PROVIDED INFORMATION ▸

● ● ● ● ● ● ●

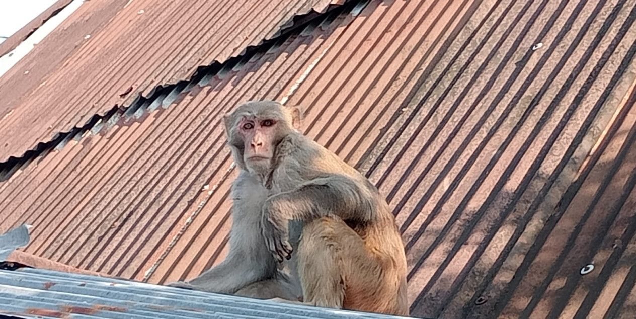 বনের হনুমান বাড়ির চালে ছোটাছুটি করে পড়েছে  বিপাকে
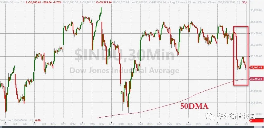 * 道瓊斯指數跌幅甚至達到了0.76%,爲8月18日以來的最大單日跌幅。
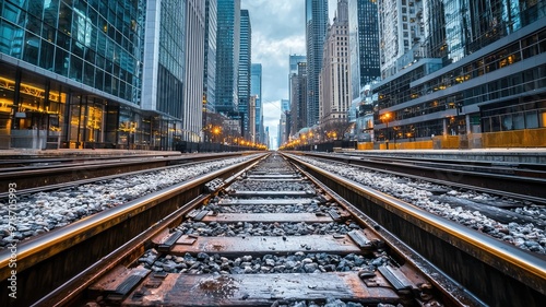 © Kitta Studio, Fototapeta premium Urban railway tracks stretch through a bustling cityscape, surrounded by towering skyscrapers under a dramatic sky.
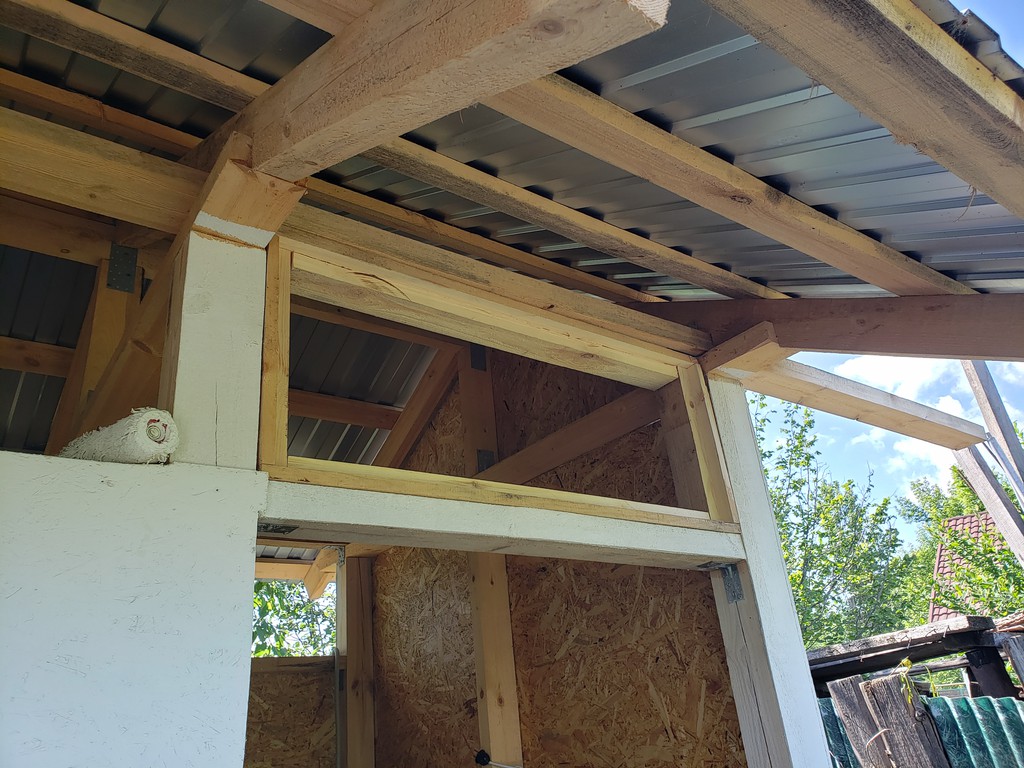 Ну а самым вкусным, конечно же, оказалось закрывать боковины со сводами крыши )) Тут и коньковый брус торчит, и балки верхней обвязки выступают, и весит это все безобразие довольно много (с учётом того, что держать нужно одной рукой на весу, а второй - крепить саморезами).
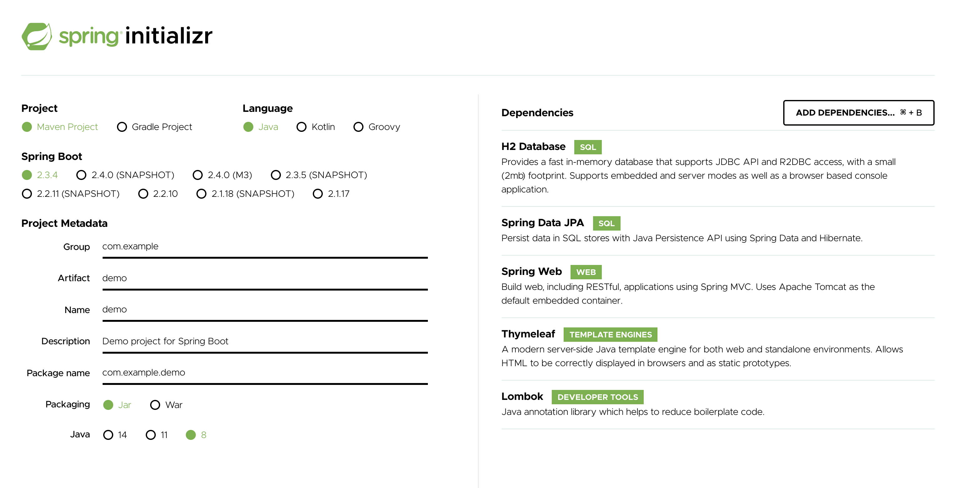 프로젝트는 start.spring.io/ 에서만들어봅시다.
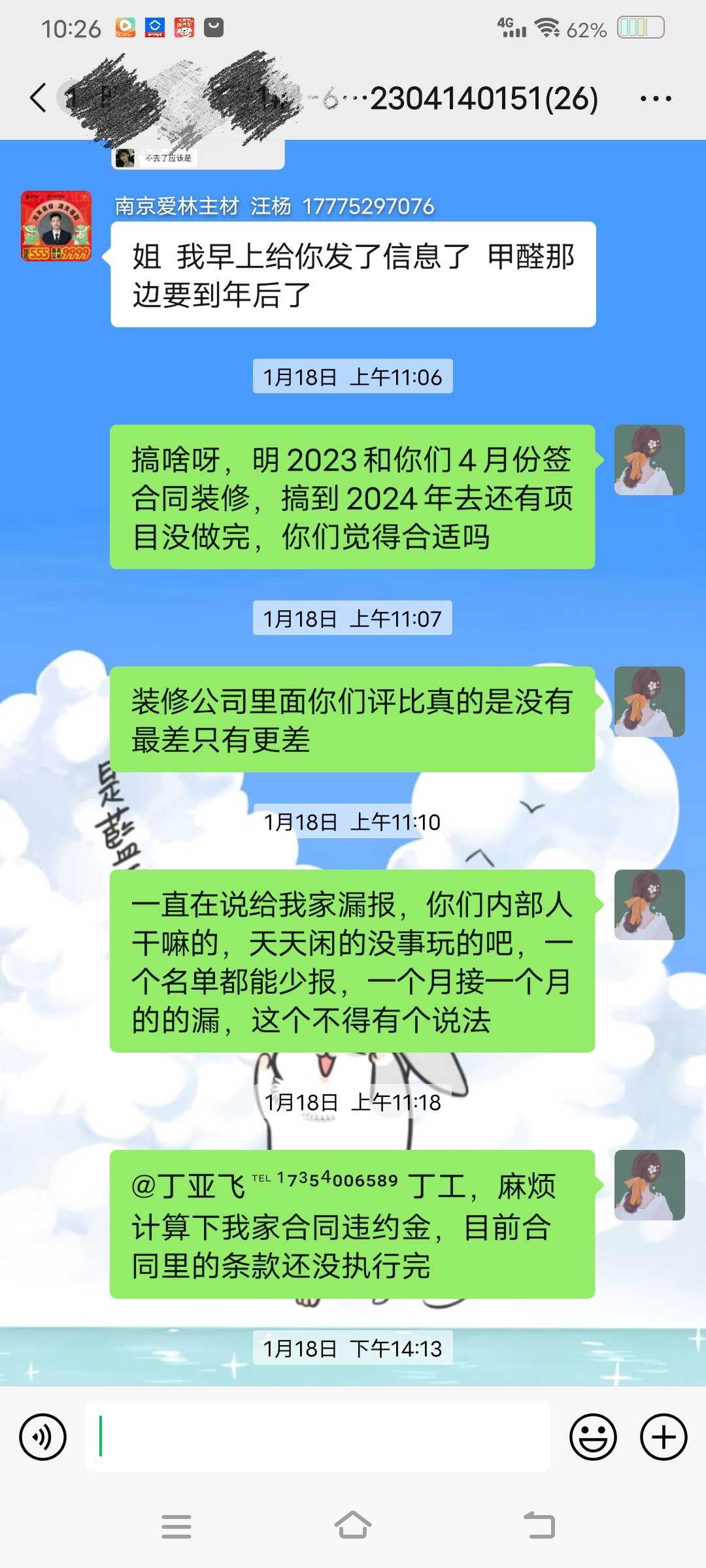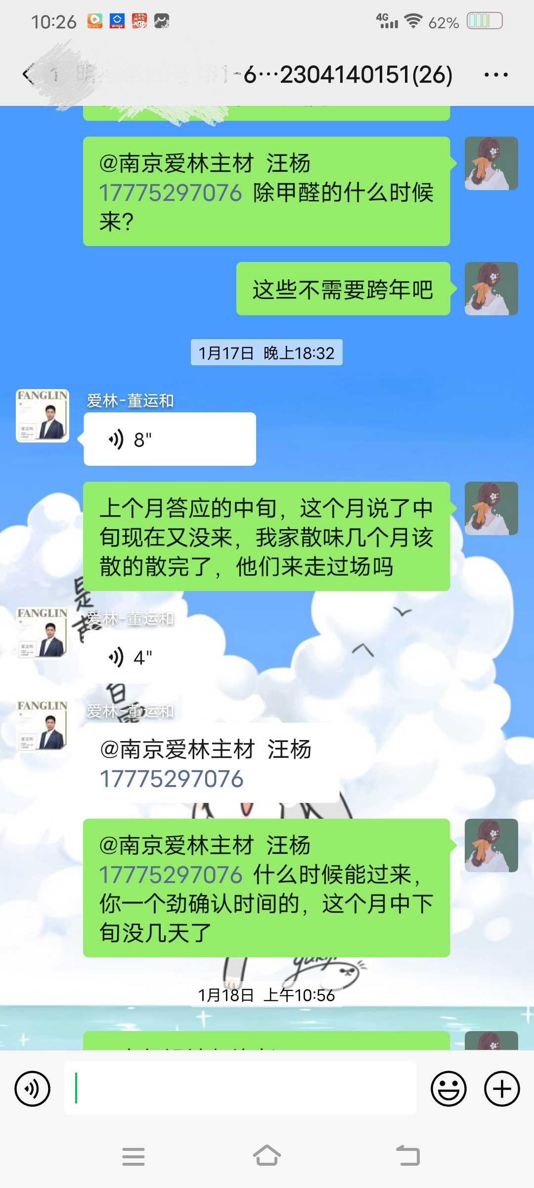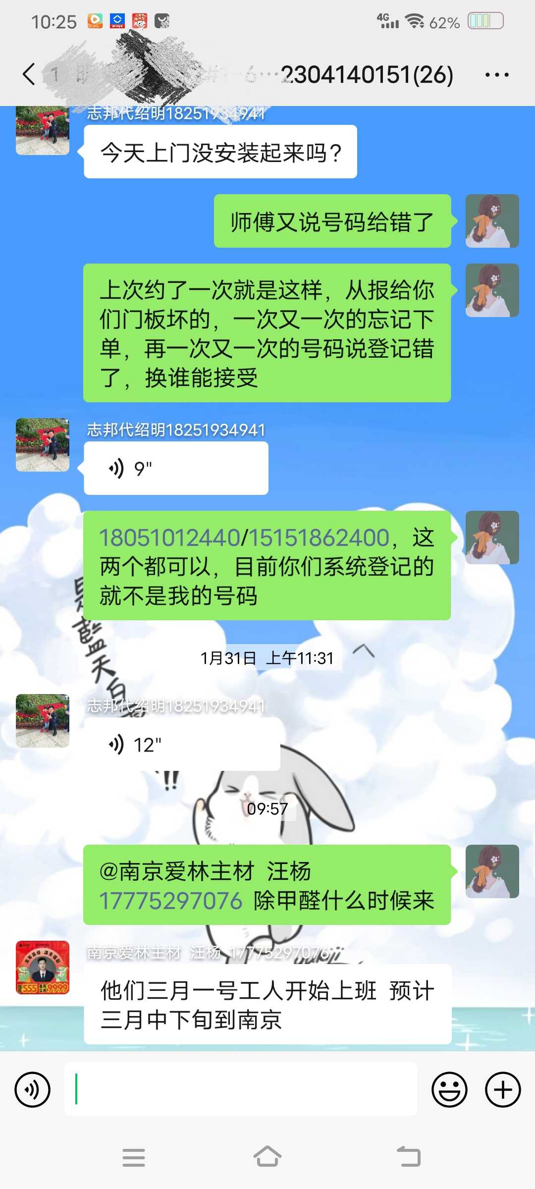 施工方回复除甲醛业务团队会在3月中下旬来南京处理业务问题,具体时间会和消费者沟通联系。 | 2024-03-01 |
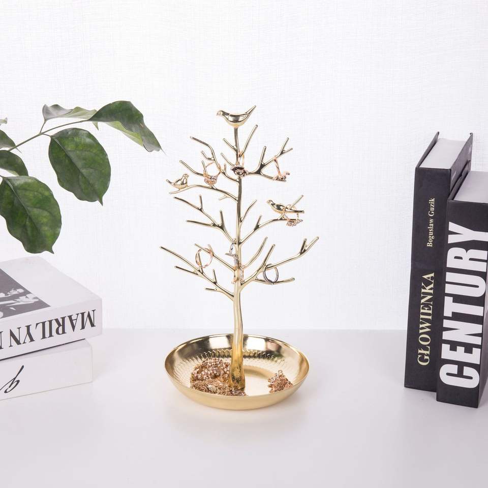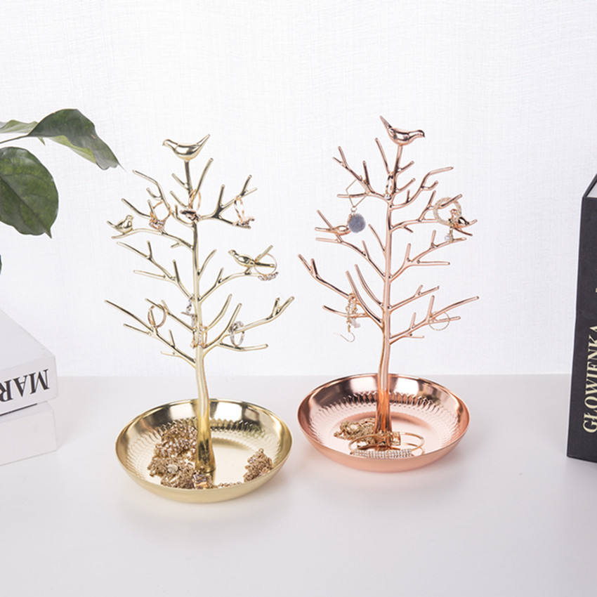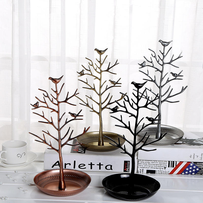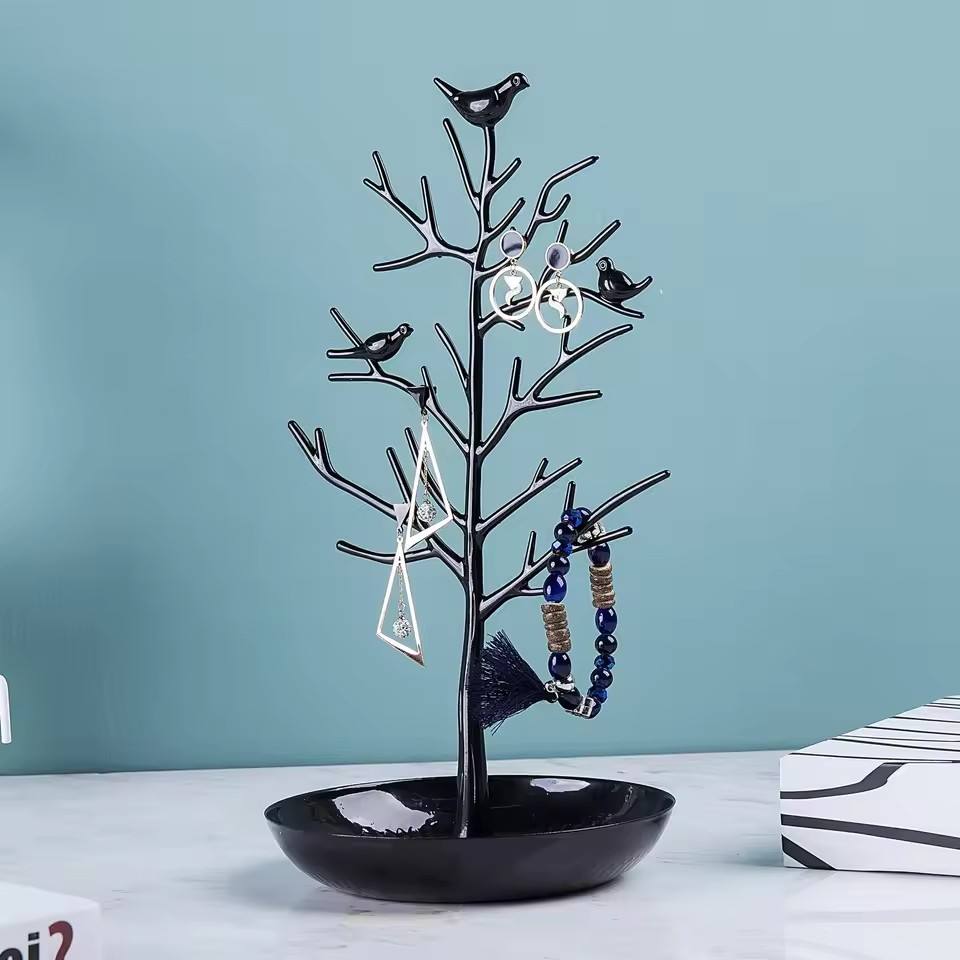 Expositor de Joyería Creativo con Diseño de Árbol y Pájaros Metálicos, Soporte para Pendientes, Anillos, Pulseras y Collares, Organizador de Escritorio y Mostrador

● ● ● ● ● ● ●

TASK BRIEF ▸
Without including any picture, set down every line above exactly as it stands.

RESULT OF THIS TASK ▸
 বনের হনুমান বাড়ির চালে ছোটাছুটি করে পড়েছে  বিপাকে
 * 道瓊斯指數跌幅甚至達到了0.76%,爲8月18日以來的最大單日跌幅。
 © Kitta Studio, Fototapeta premium Urban railway tracks stretch through a bustling cityscape, surrounded by towering skyscrapers under a dramatic sky.
 Ну а самым вкусным, конечно же, оказалось закрывать боковины со сводами крыши )) Тут и коньковый брус торчит, и балки верхней обвязки выступают, и весит это все безобразие довольно много (с учётом того, что держать нужно одной рукой на весу, а второй - крепить саморезами).
 프로젝트는 start.spring.io/ 에서만들어봅시다.
 施工方回复除甲醛业务团队会在3月中下旬来南京处理业务问题,具体时间会和消费者沟通联系。 | 2024-03-01 |
 Expositor de Joyería Creativo con Diseño de Árbol y Pájaros Metálicos, Soporte para Pendientes, Anillos, Pulseras y Collares, Organizador de Escritorio y Mostrador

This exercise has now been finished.